Will do that with glosso, maybe thats the good idea.

I thought co2 is on the good level as it is all around the tank, Im just waiting for drop checker so I will be able to control co2.

I thought that EI all in one mix together with traces will do very well, I was adding as on the instructions but it looks from your advice that it is better to make own one or just add dry salts. 

Im lucky there is ukaps forum


----------



## Bobtastic (24 May 2011)

I can't tell from your picture what your distribution method is? What filter are you using? Is it from a stray bar or other? Do you have any additional power heads or pumps? Flow is key for most planted tanks, be that flow of Co2 or ferts.


----------



## dawidmNS (24 May 2011)

Ive got stray bar on the left top of the tank, the water is going like in a cricle from top to the bottom.  Like on the picture:








My filter is ehem 2217 so should be strong enough. There are no others pumps etc in the tank as I think flow is quite good now all plants are moving and I can see co2 boobles everywhere.


----------



## CeeJay (24 May 2011)

Hi Dawid

I would be inclined to run the spraybar, full width, across the back of the tank facing forward.
You will have more chance of getting the CO2 to the bottom of the tank. 
In your current configuration, the flow will have lost most of it's velocity by the time it reaches the glass on the right hand side.
Your current filter is only rated at 1000lph, and that would be without media   
This will not be good enough for the Rio 180, you need to get some more flow going on, whether you use an additional filter or powerheads is up to you.
To give you some idea, on my Rio 180 I'm running a 1200lph filter with a 700lph filter and a powerhead rated at 1500lph. 
I started this tank with the 2 filters only, but due to plant mass increasing, they were just not cutting it. My problems disappeared when I added the powerhead


----------



## dawidmNS (25 May 2011)

Hi

I looked on your journal and I feel jelous!
Im not sure if my spray bar will be long enough as it is just normal size about 20cm?

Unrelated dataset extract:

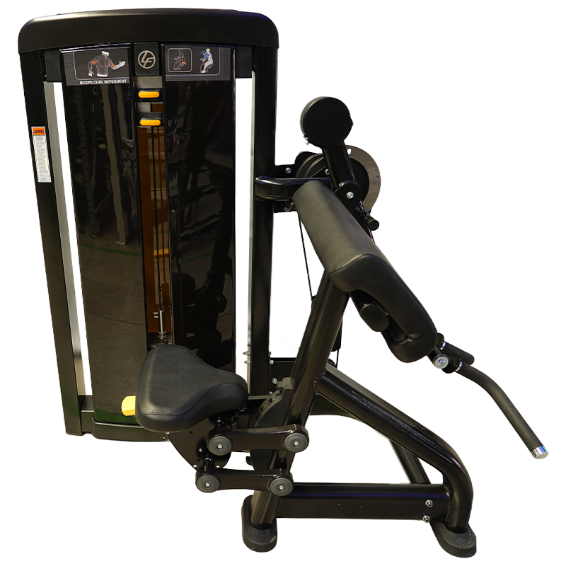 Biceps Curl / Extension de Tríceps Dual LFI posee reposabrazos inclinados y pivotes de precisión que optimizan la biomecánica para aislar el bíceps, lo que limita el movimiento del hombro y reduce la tensión en la muñeca. Su diseño ergonómico ofrece estabilidad y alineación superior, es ideal para el entrenamiento de fuerza en gimnasios de alto tráfico.

The flow in the bottom is quite good as all blyxa are moving like in windy day  But I was looking also for some powerheads at ebay and the prices are not bad. So for how many lph should I increase? 1x1500lph? or more? Would you recommend any specific one?

Thank you for all your help 


PS 1 more question, once I will replace my spraybar at the back where should I place CO2 diffussor? Right in the middle under the spray bar?


----------



## Bobtastic (25 May 2011)

I think there are a couple of options on extending or even replacing your existing spray bar. The easiest is to buy an extension piece for you existing spray bar, it is basically the same as the bar you have but is open at the end. You would then use a length (x) of standard Eheim hose to connect the two bars together.

Another option is to buy the Eheim Installation Set 2, this will give you a longer spray bar in a gray colour. There are also Extension Kits (2) to make this even longer. I believe the you can also use the Fluval brand spray bar too.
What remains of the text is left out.